Vernacular Shinto and Japanese Craft Culture: A Model of Immanent Spirituality for the Western Architecture Studio
DOI:
https://doi.org/10.6092/issn.2036-1602/14753Keywords:
Architectural Education, Immanence, Shinto, Virtue Ethics, Craft PracticesAbstract
When discussing the role of the sacred in design education, the conversation focuses on a transcendent divinity, the dominant paradigm of divinity in the West. This orientation towards a divine other underscores the separateness of rare, specific acts of design-for-the-divine from the majority of the projects students engage in studio and, later, in practice. Of greater value in contemporary classrooms may be student explorations of immanent forms of divinity; of spaces and objects that are not infused with spiritual meaning by their orientation towards some other, higher divinity but by the divinity present within themselves. An immanent orientation in student design studios can add layers of significance to finished projects and overlay the processes of design and production themselves, transforming them from simple acts of production into spiritual acts of communion with the divine.
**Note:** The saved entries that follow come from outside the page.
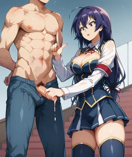 stnihj, (nipple_stimulation:1.2), femdom, standing, arms behind back, 1boy, penis, clothed female nude male,(cum:1.4), (cumdrip:1.5)
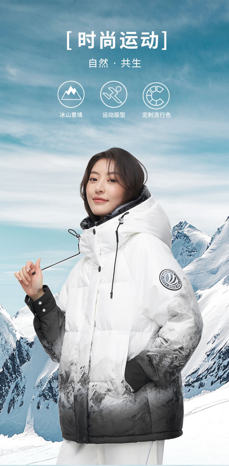 波司登冬季新款羽绒服女时尚运动系列撞色双连帽防风保暖90绒显瘦外套女
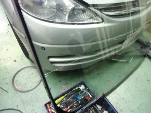 【トヨタ・エスティマ】飛び石によりひび割れたフロントガラスの交換|千葉県野田市のお客様の自動車ガラス修理|千葉県野田市にお住いのお客様

Seeking as a model an extant design culture whose processes and products are intimately interlaced with the immanent-divine, this paper proposes a study of Japanese craft practices and the Japanese native religion of Shinto. Because it emphasizes practice over dogma, vernacular Shinto permeates modern Japanese culture, especially its art and design traditions. From this fusion of Shinto and contemporary Japanese craft, this paper derives three core lessons for Western designers and explores ways of incorporating these lessons into the western design education.